Un Prince de la Maison de France nous rappelait que, quand nous disions
que les temps étaient difficiles, il ne fallait pas perdre de vue
que ces temps étaient nos temps…N’oublions pas la leçon
!
Les terroristes ont anticipé les réactions qui devaient
s’enchaîner après les attentats de Madrid. A quelques
dizaines d’heures des élections, ils ont anticipé
le « mensonge » du gouvernement Aznar. Ils ont anticipé
les réactions émotives des peuples espagnols…
A ce jour Madrid retire ses troupes d’Irak, les Honduras font de
même ainsi que la République Dominicaine. La Pologne se tortille…
Nous ne partageons pas les folles obsessions de Monsieur Bush ; il nourrit
chaque jour un peu plus le terrorisme. Mais le problème demeure
et va croissant. Souvenez-vous des brillantes déclarations d’un
de ses alliés majeurs. Monsieur Berlusconi, dans son rôle
de pitre, ne déclarait-il pas qu’un tel attentat ne pouvait
pas être l’œuvre de quelques bédouins du désert…
?
François Lenglet ne se départit pas de sa lucidité.

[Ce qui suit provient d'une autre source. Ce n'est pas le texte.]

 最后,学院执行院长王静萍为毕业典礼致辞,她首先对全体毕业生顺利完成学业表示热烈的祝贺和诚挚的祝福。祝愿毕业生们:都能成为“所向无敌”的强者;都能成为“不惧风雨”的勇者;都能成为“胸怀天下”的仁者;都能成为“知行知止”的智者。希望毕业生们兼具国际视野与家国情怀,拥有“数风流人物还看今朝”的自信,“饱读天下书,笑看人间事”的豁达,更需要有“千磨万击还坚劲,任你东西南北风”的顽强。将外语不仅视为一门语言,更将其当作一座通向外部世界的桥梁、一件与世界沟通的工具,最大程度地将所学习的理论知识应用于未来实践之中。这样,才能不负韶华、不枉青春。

Il ne se laisse pas duper, et nous non plus…
Voudrait-on nous faire croire que la lutte contre le terrorisme est prise
au sérieux par l’Europe ?
L’éditorialiste de conclure : «
Réunis d’urgence à Bruxelles, les gouvernements ont
fourbi leur arme d’airain, dont l’efficacité a été
maintes fois éprouvée sur les sujets les plus divers : ils
ont créé un poste de fonctionnaire communautaire, celui
d’un « Monsieur terrorisme ». Dormez tranquilles, braves
gens, l’Europe veille. »
Des hommes de talent, d’horizons différents, sans se concerter,
posent les vraies questions.
Monsieur Pietri, dans son éditorial de « La Tribune »,
du 10 mars 2004 nous invitait à rêver : «
Histoire de faire le travail, imaginez pendant cinq ans, un Premier ministre
sans ambitions personnelles, sans président de la République…
»
Monsieur Benoît Gousseau dans son éditorial du numéro
18 de « Politique magazine » nous martelait : «
Les meneurs de cette guerre nous connaissent mieux que nous-mêmes.

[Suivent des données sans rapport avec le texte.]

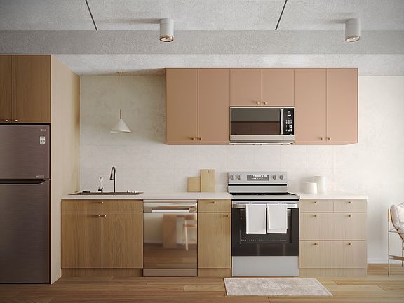 580 Coldstream offers 1+ Den and 2 Bed apartments that have been tastefully designed with a warm palette to create a cozy and inviting space for living in. Features include quartz countertops, stainless steel LG and Samsung appliances, beautiful custom vinyl plank flooring, and ample cupboard space accented with gold finishes. Hidden in the gorgeous cabinetry, you'll find your in-suite washer/dryer.

Ils sortent de nos universités où ils ont tout appris de
nos faiblesses congénitales héritées de 1789. »
Nous ne pouvons les citer tous. A tous ces hommes de presse, de réflexion,
qui ont dominé haut la plume tous les mystificateurs des radios
et des télévisions, nous décernons un « Lys
d’or ».
A nous, toutes et tous de tirer profit des pistes qui se dessinent. Un
Prince de la Maison de France nous le rappelait : «
La France n’est pas née sous X. »
Fort de cette vérité, nous saurons trouver les ressorts
nécessaires pour ne pas renoncer aux valeurs fondamentales de notre
civilisation.
Portemont, le samedi
24 avril,
en ce jour de la Saint-Fidèle de Sigmaringen, a.d. 2004.